"This is my town. That's why I fight so hard to keep it right, " Rita Gross Nelson, Yonkers first black female police officer who died Wednesday, told The Journal News in 1991.
Rita Gross Nelson, who was hired as a city parking enforcement officer in the 1960s and became Yonkers' first black female police officer, died Wednesday at age 77.
"Rita was no stranger to being first," Mayor Mike Spano said in a statement. "As the first black female police officer in the Yonkers police department and the first female officer promoted to the rank of detective, Rita not only paved the way for so many other minority and female officers, she set the bar."
Nelson was hired in 1964 for a yearly salary of $4,536 after graduating from Roosevelt High School and serving in the Air National Guard. She was one of the first four women — and the only black woman — named "policewoman" in 1965.
She spent many years working in the juvenile aid and community affairs units where she was known as "Miss Rita." She also had a stint as a detective and on patrol duty in the North Command.
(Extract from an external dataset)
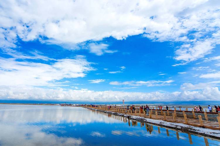 3、茶卡盐湖临近青海湖,几乎所有到青海湖旅游的朋友都会去到茶卡盐湖。这里是中国版“天空之境”,这里纯净自然如诗如画,这里是是摄影爱好者的天堂。如镜面般的湖水通透到让人分不清天与湖。湖水很浅,洁白的盐粒铺满了湖底,进入湖中,埋头往里走,寻一个人少的地方,拍摄一组天地同景的大片吧!

Nelson retired from the police department in 1986 and held several positions after that, including chief of security for the Hudson River Museum and executive director of the Yonkers YMCA, and was in the safety department at Columbia University.
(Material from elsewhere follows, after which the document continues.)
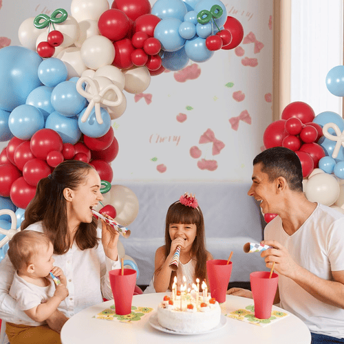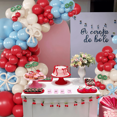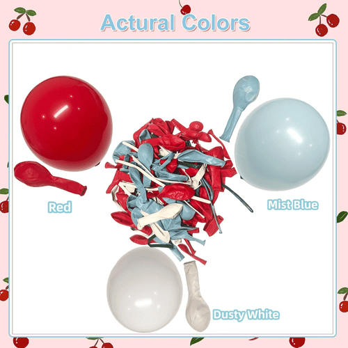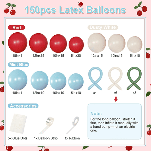 طاق بادکنک شکوفه گیلاس با بادکنک های لاتکس مختلف از جمله بادکنک لاتکس گرد و بادکنک لاتکس بلند ارائه می شود. سبک کلی کیت مثبت و بامزه است، مورد علاقه مشتریان در سراسر جهان قرار گرفت. رنگ بادکنک لاتکس گرد قرمز، سفید گرد و غبار و آبی مه آلود است. و برای بادکنک بلند لاتکس آبی مه آلود، سفید گرد و خاکی و سبز است، از بادکنک های بلند لاتکس برای ساخت پاپیون و استایل گیلاسی استفاده می شود.

She also did volunteer work in the Yonkers schools to try to help kids stay out of trouble.
"This is my town. That's why I fight so hard to keep it right, " she told The Journal News in 1991.
She was hired at the Yonkers Board of Education as the first female court liaison, working closely with the judicial and school system, serving at-risk and incarcerated youth.
Nelson, a third-generation Yonkers resident, said then her deep roots in the city helped her connect with young people.
"Mostly these are my babies," she told The Journal News. "Every class I speak (to), I see somebody I know – the grandmother or the mother. It's amazing."
She is survived by three daughters, Maria George, Celleste Gilbert and Carol Gross.